Even if you love the holidays and all the food that goes with it, you have to admit it’s pretty heavy and sort of monotone in terms of texture. But a crunchy, full-flavour salad like this Shaved Fennel Honeycrisp Salad? Well, this is the refreshment and contrast your festive table has been looking for. This salad features a bed of baby romaine lettuce topped with shaved fennel and Honeycrisp apple slices tossed in lemon juice. The dish is finished with pickled shallots, fennel fronds, and crumbled roasted pecans, and served alongside an Apple Cider Poppy Seed Dressing. Bright, crunchy, tart, sour, sweet, this salad is hitting all the notes your turkey and gravy aren’t. It’s the perfect counterpoint, invite it to all your parties!

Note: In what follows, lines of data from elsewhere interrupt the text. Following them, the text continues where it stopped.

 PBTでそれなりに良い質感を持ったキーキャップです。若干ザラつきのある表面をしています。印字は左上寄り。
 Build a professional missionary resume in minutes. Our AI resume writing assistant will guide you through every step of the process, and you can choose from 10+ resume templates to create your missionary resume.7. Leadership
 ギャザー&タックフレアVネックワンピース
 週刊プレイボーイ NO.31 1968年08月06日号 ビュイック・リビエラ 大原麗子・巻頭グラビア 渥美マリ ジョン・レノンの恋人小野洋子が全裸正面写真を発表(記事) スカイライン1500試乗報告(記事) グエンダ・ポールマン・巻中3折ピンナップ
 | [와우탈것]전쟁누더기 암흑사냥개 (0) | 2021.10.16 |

Another selling feature of this salad? It’s so simple to put together, and the dressing can be made in advance. We’re going to start by slicing a couple of shallots nice and thin. Pile the slices into a bowl and cover them with apple cider vinegar. Set them aside to pickle while you measure out the rest of the dressing ingredients.

Place the garlic, apple cider, olive oil, lemon juice, Dijon mustard, honey, and salt in a smoothie cup or a high-powered blender. Once the shallots turn a shade of bright pink, drain them and pour the vinegar into the blender as well. Blitz everything together on high until the mixture emulsifies. Pour the finished dressing into a jar and add the poppy seeds. Stir until the seeds are evenly dispersed. This dressing is far from perishable and will keep sealed in the fridge for a week. You can hold on to the pickled shallots as well. You’ve got to love make-ahead anything during the holidays.

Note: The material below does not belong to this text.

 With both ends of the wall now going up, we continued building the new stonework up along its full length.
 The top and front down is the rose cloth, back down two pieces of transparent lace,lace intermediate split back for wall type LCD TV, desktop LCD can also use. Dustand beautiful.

Now, let’s tackle the headliners: the fennel and apples. We’re going to remove the fronds from the fennel bulb. Not only are the fronds delicious, they’re also so delicately beautiful that I love including them as a garnish wherever possible. Set the fronds aside and shave the fennel nice and thin on a mandoline. And I know I say this every time I summon a mandoline, but I’m going to say it again: invest in a safety glove. Can you slice a fennel bulb on a mandolin without one? Yes. Do I want to watch you do it? Absolutely not! My nerves can’t take it.

There is no need to include the mandoline when it comes to the apples. You’re also going to slice the apples nice and thin, but they aren’t shaved like the fennel. So all you need is a quality chef’s knife. Once the fennel and apples are sliced, pile them into a bowl and toss them with lemon juice. Both fennel and apples are prone to oxidation, meaning they brown when exposed to oxygen. This process doesn’t alter the taste or texture of the produce, but it is a little unappetizing. The lemon juice helps guard against this process, and it gives the fennel and apples a flavour boost.

Now, you’re ready to assemble the salad. Start with a bed of baby greens. Layer the fennel and apples on top and garnish the salad with the pecans, the shallots you pickled earlier, and the reserved fennel fronds. If you are making this salad for a crowd, and I’m going to assume you are, assemble the salad in the afternoon and serve it with the dressing on the side.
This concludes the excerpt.